The next allusion is to T. S. Eliot's post-World War I masterpiece The Waste land (1922). The allusion lies in the words "wide river" and "empty land": "That obsolete fiction of the wide river in / An empty land; ...." Though this seems obscure, those who have read and studied Waste Land immediately recognize the allusion to Eliot's Section III, The Fire Sermon on England's River Thames that runs through a now (post-World War I) empty land:
The river’s tent is broken: ...
... The nymphs are departed.
Sweet Thames, run softly, till I end my song.
The river bears no empty bottles, sandwich papers,
Silk handkerchiefs, cardboard boxes, cigarette ends
Or other testimony of summer nights. The nymphs are departed.
And their friends, the loitering heirs of city directors;
Departed, have left no addresses.
By the waters of Leman I sat down and wept ...
It is interesting to note as an aside that Eliot employs his own allusions in this passage, as in to the Biblical allusion to Psalm 137:1-6 that says in part: "By the waters of Babylon we sat down and wept ...." A second way to see the above "wide river in / An empty land" allusion is to understand it as the river Jordan in the land of the Christian gods, "the gods that Boucher killed," the archaeologist Boucher de Perthes, whose work unearthed the "fiction" of the gods of past eras and revealed the "fiction" of the mythical "metal heroes" (e.g., Menelaus, Achilles) with their images cast in bronze that "time granulates," turning them into "waste" men.
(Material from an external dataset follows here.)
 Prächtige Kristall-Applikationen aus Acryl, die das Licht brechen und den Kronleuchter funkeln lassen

The most difficult allusion is to the "philosophers' man" who "by the sea-side mutters ... immaculate imagery," the "central man, the human globe," who is
As a mirror with a voice, the man of glass,
Who in a million diamonds sums us up.
This allusion of "philosophers' man" is accepted as alluding to Shakespeare, thought to be the greatest poet and seer of humanity of all ages. Paul Murray, writing for Communio in 2000, identifies Stevens' line as an allusion to Shakespeare in "God's Spy: Shakespeare & Religious Vision":
Is it possible that Shakespeare, the man who is arguably the greatest poet of all time, "the man of glass who in a million diamonds sums us up," has failed, in fact, to explore that one fundamental dimension of human life which we call religion .... (Murray)
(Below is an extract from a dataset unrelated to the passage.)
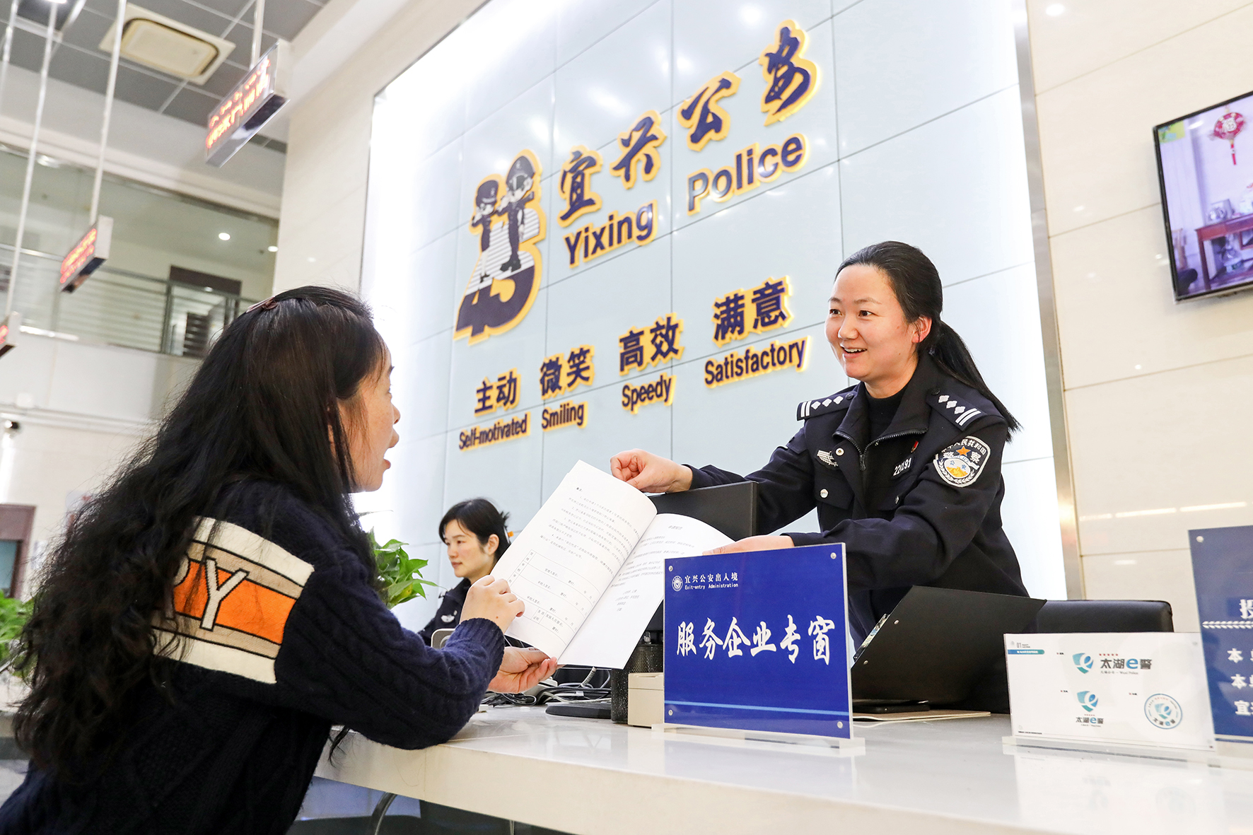 1月15日,江蘇省宜興市公安局出入境管理大隊(duì)民警向企業(yè)人員介紹商務(wù)簽注辦理流程。

Two other allusions helpful to identify for the purpose of analysis are "hautboy" and "jasmine scent / And the jasmine islands were bloody martyrdoms." The hautboy is an archaic (ancient) form of oboe, thus central to the title of the poem (a satirical painting by Hogarth shows the hautboy being played and badly received). During Shakespeare's time (1564-1616) Queen Elizabeth I, whom Edmund Spenser styled as the allegorical Queen Gloriana, gave a royal charter (i.e., royal grant to do business) in 1600 to found the East India Company to enter into spice trade in the areas of South Africa, Malaysia (part of the spice islands) and then India. The tropical flowering plant, jasmine, with its intoxicating heavenly scent, is indigenous (i.e., native) to South Africa and the South China Sea islands, like Malaysia.
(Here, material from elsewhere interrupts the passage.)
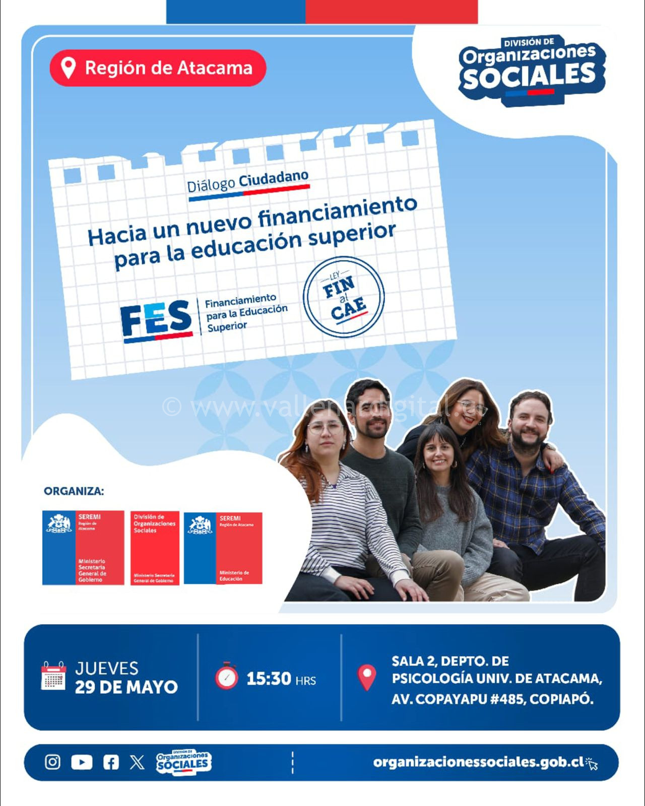 Seremi de Gobierno invita a participar del primer diálogo ciudadano sobre la propuesta de nuevo sistema de financiamiento para la educación superior.

The East India Company had strong competitors in the Dutch East India Company and in a similar trading concern in Portugal. In the 1612 Battle of Swally against Portugal, the East India Company was victorious though the hostilities between the warring parties slowed the importation of spices, symbolized by the allusion to "the jasmine scent" of the native flowering plant. It is most logical, though critics have no firm consensus on the root of this allusion, that the brief interruption of "one year" during Shakespeare's lifetime of the spice trade, "the jasmine scent," provided the impetus for rethinking the "sum of man."
How was it then with the central man? Did we
Find peace? We found the sum of men. We found,
If we found the central evil, the central good.
We buried the fallen without jasmine crowns.
Now that you have the foundation for unraveling the meaning of the poem through its undergirding allusions, you can proceed with the standard analysis procedure of discussing the elements of theme, structure, point of view (which gives voice), tone and mood. You can then proceed to analyzing the other techniques employed, besides allusion, such as symbolism, imagery, irony, metaphor, personification and other figures of speech (phrasing that means other than its literal meaning).